Polémicas al margen, quizá no sea una mala idea el haber dividido ambos films ya que, mirada como film unitario, Grindhouse es un trabajo muy irregular, excesivo e hiperbólico por momentos, que no acaba de empastar todo ese collage de texturas audiovisuales tan bien como podría haber sido si sus artífices no hubieran gozado de carta blanca para hacer todo aquello que les apeteciese y que, en momentos puntuales del film, contribuye a una saturación total de ideas, referencias más o menos afortunadas y pesados ejercicios de auto-complacencia cinematográfica.  

De todas formas, Grindhouse arrastra la pesada sombra de ser un mero exploit realizado para sacar tajada a una forma de ver cine que los multiplex han ido eliminado con su crecimiento exponencial en las grandes ciudades.

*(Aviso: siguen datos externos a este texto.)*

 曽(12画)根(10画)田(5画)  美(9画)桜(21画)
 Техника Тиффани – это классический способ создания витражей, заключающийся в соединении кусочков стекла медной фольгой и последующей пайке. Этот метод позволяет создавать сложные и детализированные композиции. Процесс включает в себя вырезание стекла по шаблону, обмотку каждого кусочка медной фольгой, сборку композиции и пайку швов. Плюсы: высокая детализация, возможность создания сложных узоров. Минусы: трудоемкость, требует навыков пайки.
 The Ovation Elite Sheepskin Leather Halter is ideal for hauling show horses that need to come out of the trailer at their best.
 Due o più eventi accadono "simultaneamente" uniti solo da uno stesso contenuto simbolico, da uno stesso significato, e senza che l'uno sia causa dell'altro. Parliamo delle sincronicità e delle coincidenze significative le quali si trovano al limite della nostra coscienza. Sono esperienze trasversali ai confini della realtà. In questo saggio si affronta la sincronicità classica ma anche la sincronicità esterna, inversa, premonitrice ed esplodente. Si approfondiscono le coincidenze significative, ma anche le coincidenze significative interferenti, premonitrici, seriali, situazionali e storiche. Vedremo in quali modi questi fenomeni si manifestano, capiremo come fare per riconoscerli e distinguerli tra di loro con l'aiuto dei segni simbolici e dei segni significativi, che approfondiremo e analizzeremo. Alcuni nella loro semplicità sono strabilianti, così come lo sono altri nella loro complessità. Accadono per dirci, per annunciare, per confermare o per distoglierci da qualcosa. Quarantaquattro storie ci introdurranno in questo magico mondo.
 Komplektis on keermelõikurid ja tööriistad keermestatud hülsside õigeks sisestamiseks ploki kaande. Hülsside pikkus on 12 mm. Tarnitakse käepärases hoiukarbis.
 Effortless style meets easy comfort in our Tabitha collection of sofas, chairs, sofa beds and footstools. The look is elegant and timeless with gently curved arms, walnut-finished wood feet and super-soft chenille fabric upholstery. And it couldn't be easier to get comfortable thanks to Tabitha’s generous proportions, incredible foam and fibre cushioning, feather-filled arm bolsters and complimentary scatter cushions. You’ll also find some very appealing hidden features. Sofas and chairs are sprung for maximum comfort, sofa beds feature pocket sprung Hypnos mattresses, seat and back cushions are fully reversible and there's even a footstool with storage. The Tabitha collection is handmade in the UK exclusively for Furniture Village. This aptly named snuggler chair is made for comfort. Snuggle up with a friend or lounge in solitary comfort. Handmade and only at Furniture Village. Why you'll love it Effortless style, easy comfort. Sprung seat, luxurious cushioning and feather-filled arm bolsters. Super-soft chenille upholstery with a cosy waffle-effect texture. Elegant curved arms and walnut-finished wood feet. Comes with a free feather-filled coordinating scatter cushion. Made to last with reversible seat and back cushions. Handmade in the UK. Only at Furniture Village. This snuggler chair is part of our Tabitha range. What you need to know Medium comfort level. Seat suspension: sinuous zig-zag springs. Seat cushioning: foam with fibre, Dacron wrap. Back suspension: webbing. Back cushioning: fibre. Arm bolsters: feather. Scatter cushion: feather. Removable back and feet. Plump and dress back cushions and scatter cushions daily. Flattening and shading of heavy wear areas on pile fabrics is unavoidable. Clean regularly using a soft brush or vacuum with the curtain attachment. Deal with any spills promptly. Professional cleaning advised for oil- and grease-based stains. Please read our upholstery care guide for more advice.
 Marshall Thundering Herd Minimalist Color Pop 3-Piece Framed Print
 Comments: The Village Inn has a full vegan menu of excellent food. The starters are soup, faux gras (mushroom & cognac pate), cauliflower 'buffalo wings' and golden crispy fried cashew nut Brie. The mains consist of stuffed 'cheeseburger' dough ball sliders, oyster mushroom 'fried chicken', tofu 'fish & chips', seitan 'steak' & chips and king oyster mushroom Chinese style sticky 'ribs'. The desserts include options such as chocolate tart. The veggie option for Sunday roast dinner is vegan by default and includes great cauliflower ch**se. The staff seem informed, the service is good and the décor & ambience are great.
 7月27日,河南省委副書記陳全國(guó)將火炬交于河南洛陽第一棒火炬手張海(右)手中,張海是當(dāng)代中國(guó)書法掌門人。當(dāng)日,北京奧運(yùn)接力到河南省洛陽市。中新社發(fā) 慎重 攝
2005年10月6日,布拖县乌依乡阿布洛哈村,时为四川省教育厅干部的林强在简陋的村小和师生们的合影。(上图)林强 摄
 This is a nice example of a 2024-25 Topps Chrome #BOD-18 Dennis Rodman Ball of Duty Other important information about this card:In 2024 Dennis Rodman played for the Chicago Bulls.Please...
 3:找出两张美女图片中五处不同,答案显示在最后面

Así, no es difícil pronosticar que en breve, gracias al espaldarazo como productor de Tarantino o algún otro incondicional del género, comiencen a proliferar las double features de films con presupuestos irrisorios y tramas poco elaboradas que intenten explotar el viejo sabor de los films setenteros y ochenteros de terror y violencia, de un modo análogo a la operación quirúrgica de implantación en el colectivo cinematográfico norteamericano que hizo Tarantino con los films de Lucio Fulci -convertir cine malo en cine cool objeto de moda o tendencia cinematográfica; una suerte de explotación- y otros guerrilleros del cine menos elaborado, como si a fuerza de pregonar sus bondades fuera a hacerlos mejores directores de lo que en su momento fueran. 

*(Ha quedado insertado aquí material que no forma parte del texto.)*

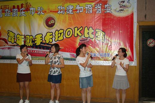 為慶祝新中國(guó)成立60周年暨傳統(tǒng)中秋佳節(jié),推動(dòng)企業(yè)文化建設(shè),9月4日下午,由公司團(tuán)委、工會(huì)共同舉辦的以“喜迎國(guó)慶·中秋 構(gòu)建和諧省安”為主題的青年歌手卡拉OK大賽在公司職工之家隆重舉行。來(lái)自公司機(jī)關(guān)、項(xiàng)目部及各分公司選派的18名選手參加了比賽。集團(tuán)公司機(jī)關(guān)黨委書(shū)記宋曉英、工會(huì)女工委主任胡愛(ài)紅、人力資源部主任胡建英等應(yīng)邀擔(dān)任本次比賽評(píng)委。公司領(lǐng)導(dǎo)及廣大職工踴躍到場(chǎng)觀看、鼓勁。
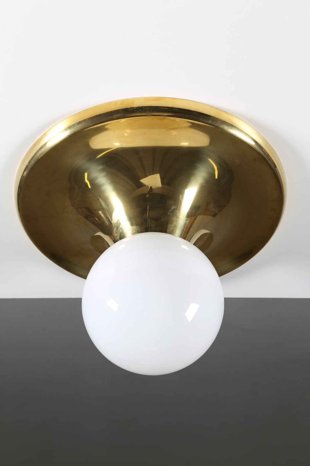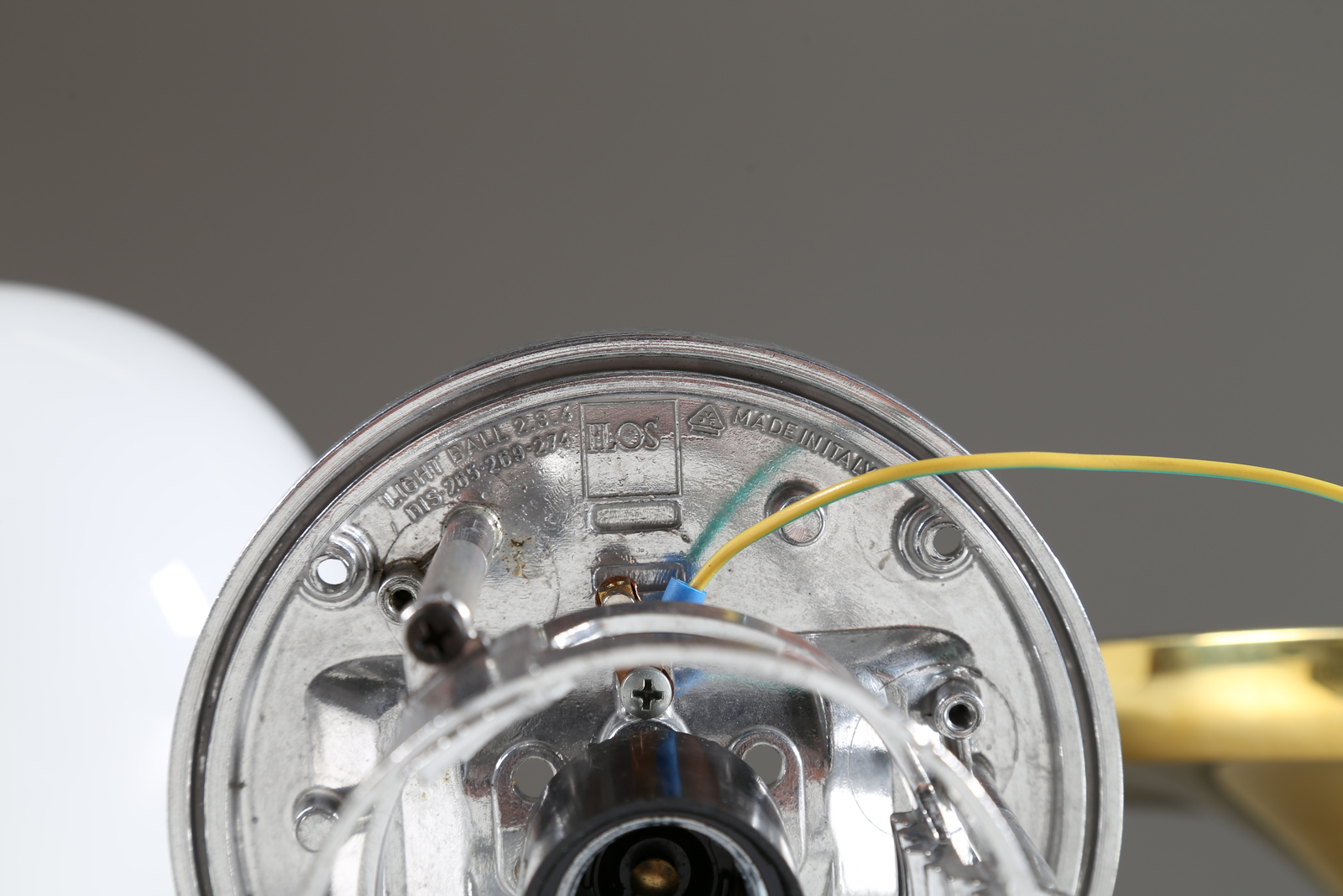 ACHILLE & PIERGIACOMO CASTIGLIONI (1918 - 2002) Lampada in ottone e vetro opalino mod. Light Ball, per Flos anni 60. -. Cm 42,00 x 31,00 x 42,00.
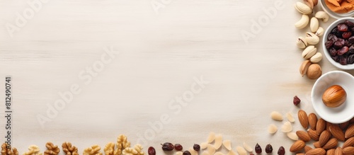 A top down copy space image of a beige table with an almond frame showcasing healthy food
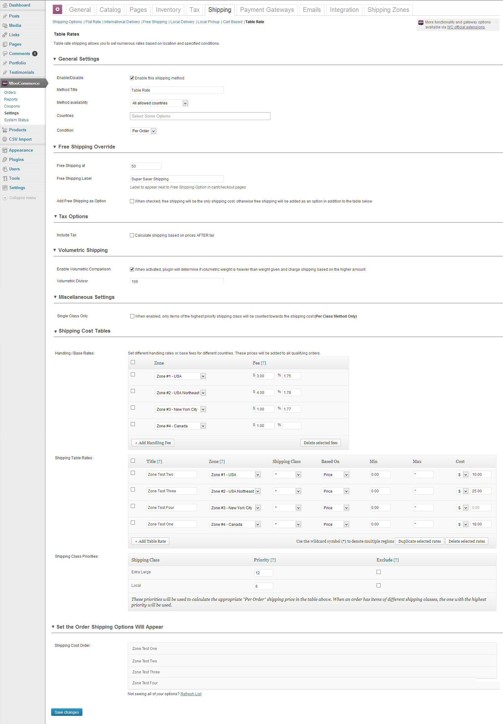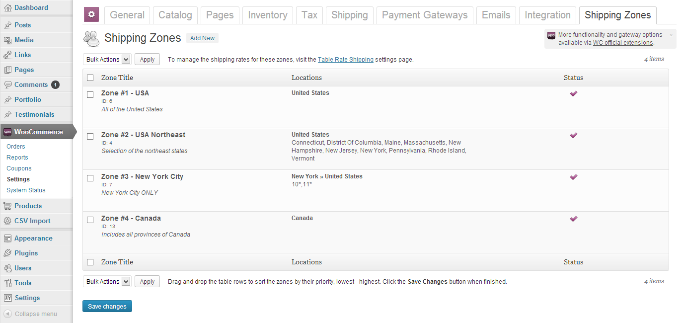 It's important to note that with the addition of zones you are now in control of their priority. This means you must change the order how you wish for rates to be overwritten. Generally this means beginning with 'Everywhere', the lowest priority, and ending with a specific set of post codes, highest priority. This plugin begins with zones top to bottom, comparing their values for the best match. By ordering it this way, a shipping zone will be assigned to 'Everywhere' first, and then look to see if there is a specific country set that the customer is shipping to. If there is, this rate will override the previous one, if not, the user will keep 'Everywhere' as their shipping zone.
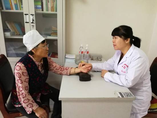 妇科主任高晓俐主任医师在为村民诊脉

La operación lavado que han llevado a cabo Rodríguez y Tarantino de todos esos mitos de la subcultura converge en un film diferente y por ello digno de ser visto, con momentos de auténtico genio -casi siempre, cortesía de Tarantino- y concesiones al gore deliberadamente impactante -cortesía de Rodríguez y la KNB- aderezado por un puñado de trailers falsos que en algunos casos -Werewolf women of the SS, Thanksgiving o Don’t- superan con creces la calidad de las propuestas desarrolladas en formato largo.